2. Use your debit card instead
If you are an impulsive buyer or can’t manage your income well then it is advisable to stay clear of credit cards altogether and opt to use your debit card instead. Set up a budget for yourself, stick to your budget, and spend wisely to avoid any more debts. Though it can be hard to get out of the cycle of paying for things with money that you don’t have, you will thank yourself later.
3. Put your savings to use
It may be a tough choice, but if you’re dealing with credit card debt then please put all your savings and emergency funds to use. One of the most common mistakes that financial advisors often see is when people continue accruing debt while keeping their savings intact. You may be saving for a new car, but it can wait until you get all your financial problems cleared. Besides, this IS an emergency so don’t think twice before using these funds!
4. Cut back expenses
This sounds like an obvious advice but cutting back even the trivial expenses can save you a fortune annually. You need to cut back on unnecessary and luxury expenses. Use those savings towards the debt, you may be able to pay a huge amount this way. Saving even Rs.700/month from these expenses will allow you to clear Rs.8,400 in a year – plus the additional interest that you would be paying for that amount.
5. Pay off the card with the highest interest first
If you are in debt on more than 1 credit card, then pay the one with the highest interest rate first. This will help clear the biggest debt accumulator first, so you can plan to solve the rest of your debts.

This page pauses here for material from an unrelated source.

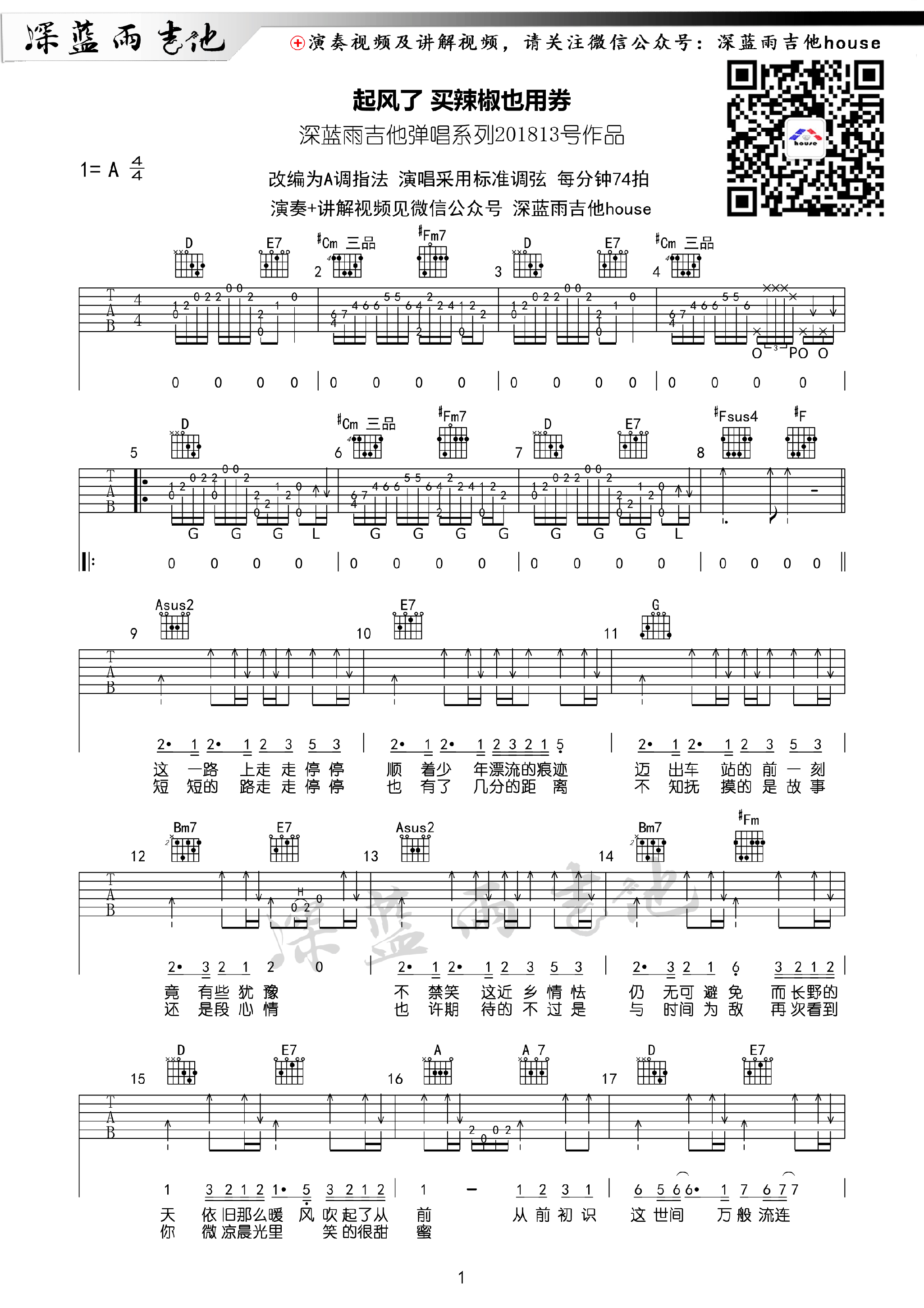 曲谱介绍: 买辣椒也用券《起风了》吉他弹唱谱,采用A调指法编配,共有3张高清图谱。

Along the process you can also ask your credit card company to cut back on the interest rates. This shows that you are serious and dedicated to pay your dues and may even convince the bank to cut back some interest rates.
6. Arrange for lower interest funds from trusted sources
If you absolutely don’t have any funds to fall back on, then the best thing you can do is borrow money from trusted sources. Borrow from a friend or from a trusted source like agroup savings and lending app such as KyePot where you will be able to pay off the borrowed amount at a much lower rate of interest in a controlled manner. This way, you will be able to pay off large sums of money and not have to worry about accruing more debt through high variable interest rates of the credit card(s).
Once you have cleared your debts (or even gotten them firmly under control) and if you don’t want to find yourself in this debt laden situation again, you need to make some basic changes to your financial life. Start by setting some money aside every month for a financial emergency fund. Ensure that this money is not locked in a long-term plan like a SIP or an instrument where you get penalized for withdrawing early, like a FD. You are looking for a financial tool that offers you the maximum liquidity and helps build a savings habit.
With the KyePot groups, you get all of this and more. Build a savings habit, earn monthly dividends, borrow more than you have saved when needed, and best of all – it is digital. So you can track how you are performing month after month!
Remember, it’s okay to have credit debts and that you’re not the only one. As long as you have a good plan to get out of debt and you stay positive, the situation can teach you better money management. However, you also need to be cautious about impulsive spending so you don’t fall in that spiral of debts again.